Folic acid was found to induce a dose-dependent effect on the invasive potential of trophoblast cells. Folic acid supplementation at 10−7 M was found to increase the invasive potential of trophoblasts by more than 2-fold, showing invasion enhancing effect of folic acid at physiological concentration. A dose-dependent increase in invasive potential has earlier also been observed in extravillous trophoblasts from first-trimester placental explants at folic acid concentrations of 10−6 M, 10−8 M, and 10−10 M which represent physiological ranges (17). Furthermore, treatment with the anti-folate drug methotrexate in ectopic pregnancy has been shown to reduce placental growth and trophoblast invasion due to reduced trophoblast proliferation (46). Thus, we propose that at physiological concentrations, folic acid is able to increase trophoblast invasion, and therefore, play a key role in the regulation of trophoblast invasion, which is a crucial part of placental development, while at very high concentration, it reduces the invasion drastically. This biphasic nature of the response to folic acid supplementation, therefore, emphasizes the importance of careful evaluation of concentration before implementation of supplementation during pregnancy. This issue was also highlighted in a Cochrane review of micronutrient supplementation in pregnancy (47). Concentrations higher than the current daily recommendation of 400 μg may be harmful to placental development. Specific treatment with excess folic acid also results in reduced cellular viability in the villous trophoblast (18). Although too little folic acid results in nervous tissue damage, as is accepted by the scientific community in regard to neural tube defects, a massive dose of folic acid in utero has been correlated with the development of autism in children (48).

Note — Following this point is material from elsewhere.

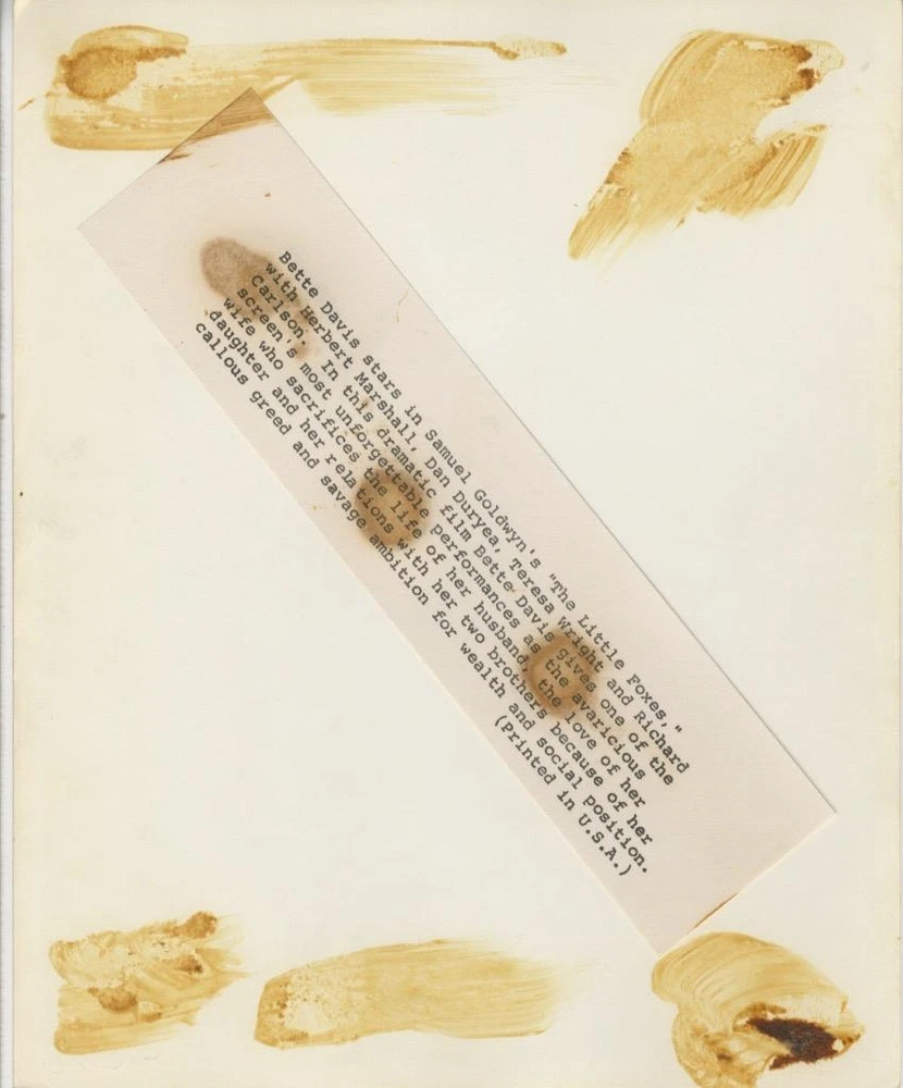 "THE LITTLE FOXES"-ORIGINAL PHOTO-BETTE DAVIS-PORTRAIT ON BANNISTER-SNIPE "THE LITTLE FOXES"-ORIGINAL PHOTO-BETTE DAVIS-PORTRAIT ON BANNISTER-SNIPE Click image to enlarge Description WELCOME TO THE FANG'S LAIR. ALL ITEMS ARE ORIGINAL PIECES OF MOVIE MEMORABILIA. NO REPROS, RESTRIKES OR DUPES . PLEASE CHECK OUT EBAY EACH WEEK FOR NEW ITEMS UP FOR SALE. ALWAYS A GREAT CHANCE TO PICK UP SOME VINTAGE HOLLYWOOD STILLS REASONABLY! ALL AT REASONABLE PRICES! ALL ITEMS GUARANTEED ORIGINAL! FAIR POSTAGE! VINTAGE ORIGINAL 8" X 10" SILVER GELATIN PHOTOGRAPH "THE LITTLE FOXES" VERY GOOD+ THIS IS AN ORIGINAL STILL PHOTO CREATED TO PROMOTE THE FILM/STAR AT TIME OF ISSUE I SHIP THE NEXT BUSINESS DAY. PLEASE DON'T ASK ME TO HOLD SHIPMENTS. I TRY TO PRICE EVERYTHING VERY COMPETITIVE. OFTEN IT IS CHEAPER TO BUY ORIGINAL MATERIAL THAN BUYING RE-STRIKES OR REPRODUCTIONS. POSTAGE IS NOT NEGOTIABLE. PLEASE DO NO ASK. Pictures sell! Auctiva offers Free Image Hosting and Editing. Showcase your items with Auctiva's Listing Templates! Attention Sellers - Get Templates Image Hosting, Scheduling at Auctiva.com. Track Page Views With Auctiva's Counter

Investigating the molecular and epigenetic bases of the possible changes induced by folic acid supplementation on the invasive potential of trophoblasts showed a decrease in global methylation in JEG-3 and HTR-8/SVneo cells in a dose-dependent manner. Furthermore, folic acid treatment was observed to decrease the mRNA expression of DNMT1, which might be the possible reason for the reduced global methylation level. Since DNMT1 expression is known to be regulated by promoter methylation in the placenta (40) and supplementation of folate may be inducing promoter methylation of DNMT1, resulting in its decreased mRNA expression. Recent data have implicated a role for the downregulation of DNMT1 in the invasive and migratory potential of some cancer cells. Inhibition of the DNMT1 activity in prostate cancer-derived PC3 cells enhanced invasiveness and migratory capacity (44). However, global hypomethylation in the absence of DNMT1 down-regulation has been observed in human cytotrophoblast stem cells, suggesting that DNMT1 down-regulation is not an absolute requirement for genomic hypomethylation in all instances (40), therefore highlighting the role of other DNMTs in global hypomethylation of the placenta. This is further supported by our observation that downregulation of DNMT3A upon folic acid treatment and a significantly strong correlation between global methylation vs DNMT3A mRNA expression (r = 0.99, p < 0.05) upon folic acid treatment. From these observations, we suggest that DNMT1 and DNMT3A play a combined role in the down-regulation of the observed decrease in global methylation of placental trophoblasts resulting in their increased invasive potential.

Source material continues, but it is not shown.